First frost has not yet arrived, but there is anticipation it could happen tonight. There will be no frost on my pumpkin this year, as you may have noted in the Weekly Roundup two weeks ago, the pumpkin suffered a diversion after meeting a hungry squirrel. A friend in Slovakia wrote last week of a first snow dusting. We are tilting to shorter and shorter hours of daylight. I have been digging out my favorite cold-weather recipes and purchased some new scarves, hats and gloves yesterday. I guess I'm ready…
And in the meantime, here is a bit of what happened last week and this week:
- Amylin, Lilly and Alkermes Get CRL for Bydureon (last week) – The FDA issued a Complete Response Letter regarding an extended release version of exenatide. The companies were forthcoming in the press release on the topic saying that the FDA was requesting a "thorough QT study" of the use of the drug at levels higher than typical therapeutic levels. This will cause significant delay, with the companies saying they will file a response in late 2011.
- FDA Approved Boehringer Ingelheim's Pradaxa to Prevent Stroke in People with Atrial Fibrillation (last week) – Boehringer Ingelheim announced this week that the FDA had approved its anti-coagulant Pradaxa for use in preventing blood clots in people with atrial fibrillation. According to the release by the company, it is the first approval of an anti-coagulant in fifty years. The FDA stated that the trial was a head to head against warfarin and that results showed that the patients being treated with Pradaxa in the trial had fewer strokes than those treated with warfarin.
- FDA Approves Teflaro - The FDA announced approval of Teflaro (ceftaroline fosamil) for the treatment of bacterial skin infections, including MRSA. Given the high profile that such infections have seen in media reports, the announcement is not only welcome news for Forest Labs, the manufacturer, but for those treating and receiving treatment for such infections.

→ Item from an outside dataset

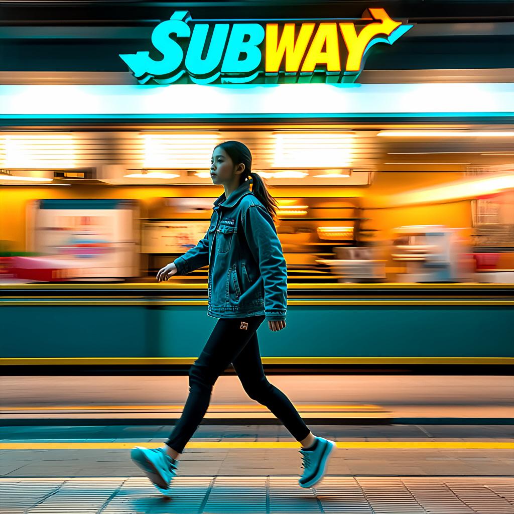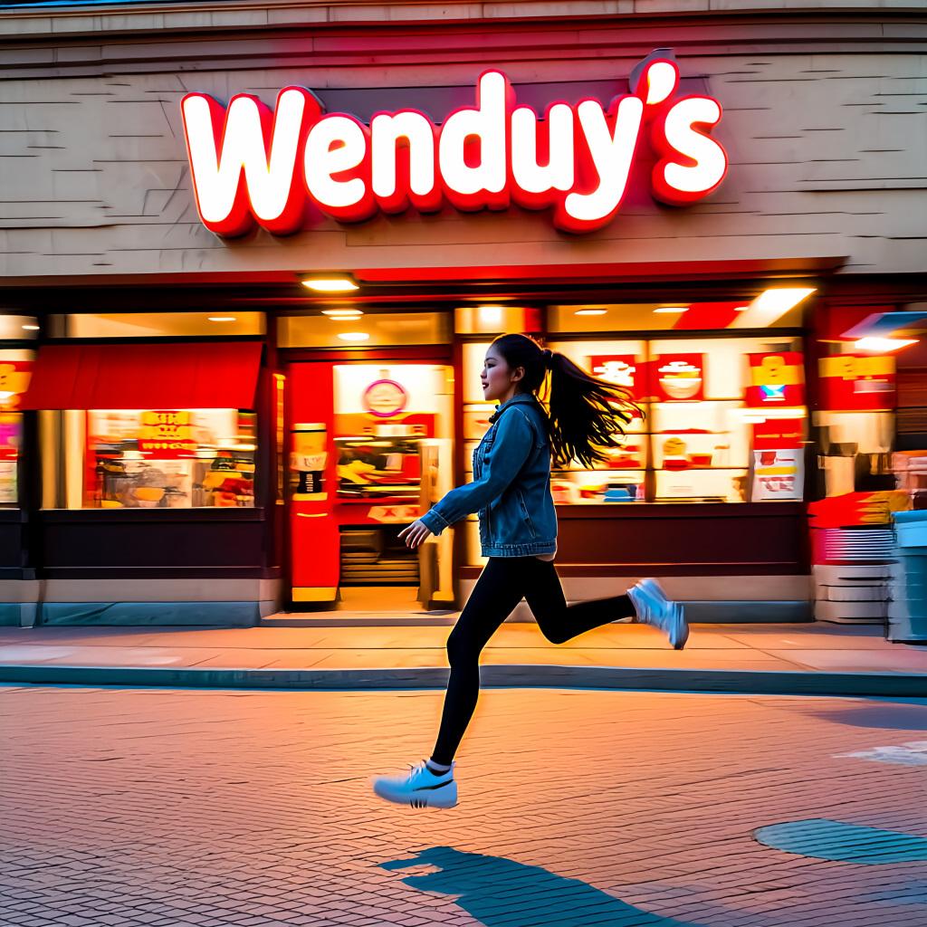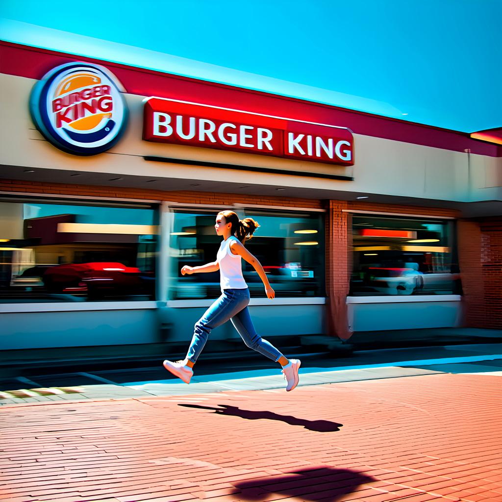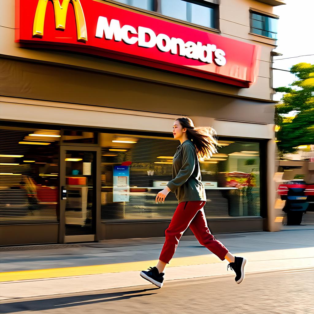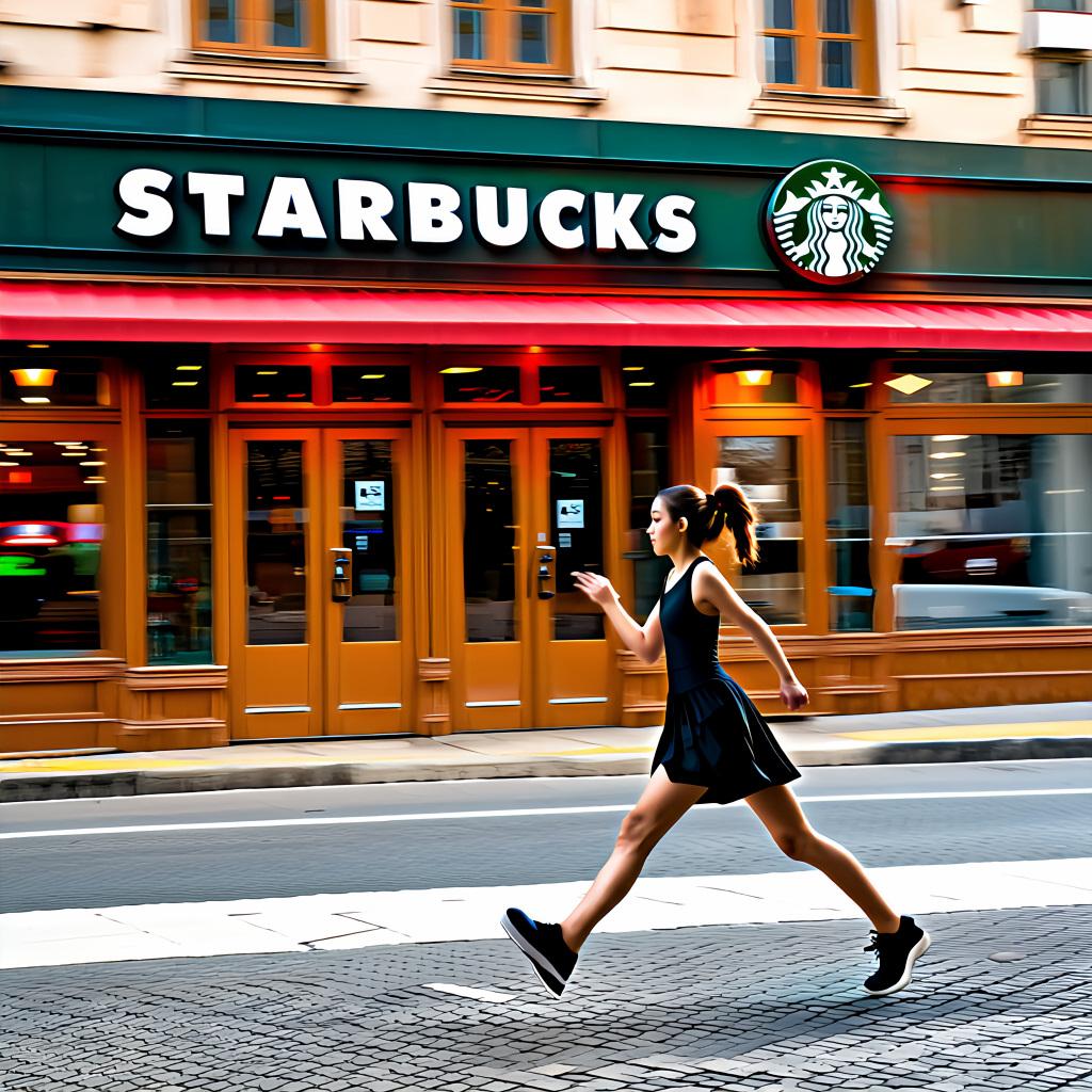 プロンプト「〇〇店の前を女の子が全速力で駆け抜けています」のみ。

- New Treatment for Schizophrenia Approved – The agency also announced this week approval for Latuda, manufacturered by Sunovion Pharmaceuticals, formerly known as Sepracor. It is an oral, once daily treatment and the company stated that it would likely be available the first quarter of 2011.
- Approval for Rare Leukemia Treatment – A new indication was approved for Sprycel (dasatinib) under accelerated approval for the treatment of a rare blood cancer known as Ph+ CP-CML. Sprycel, an oral kinase inhibitor, is the third drug approved to treat this condition and is manufactured by Bristol Myers Squibb.
- Complete Response Letter for Qnexa – Vivus announced the receipt of a Complete Response Letter for its weight loss drug Qnexa. The release stated that the letter covered five areas – clinical, labeling, REMS, safety update and drug scheduling. The company stated that they would be responding to the release in six weeks.
That's it for me this week folks. Have a good weekend.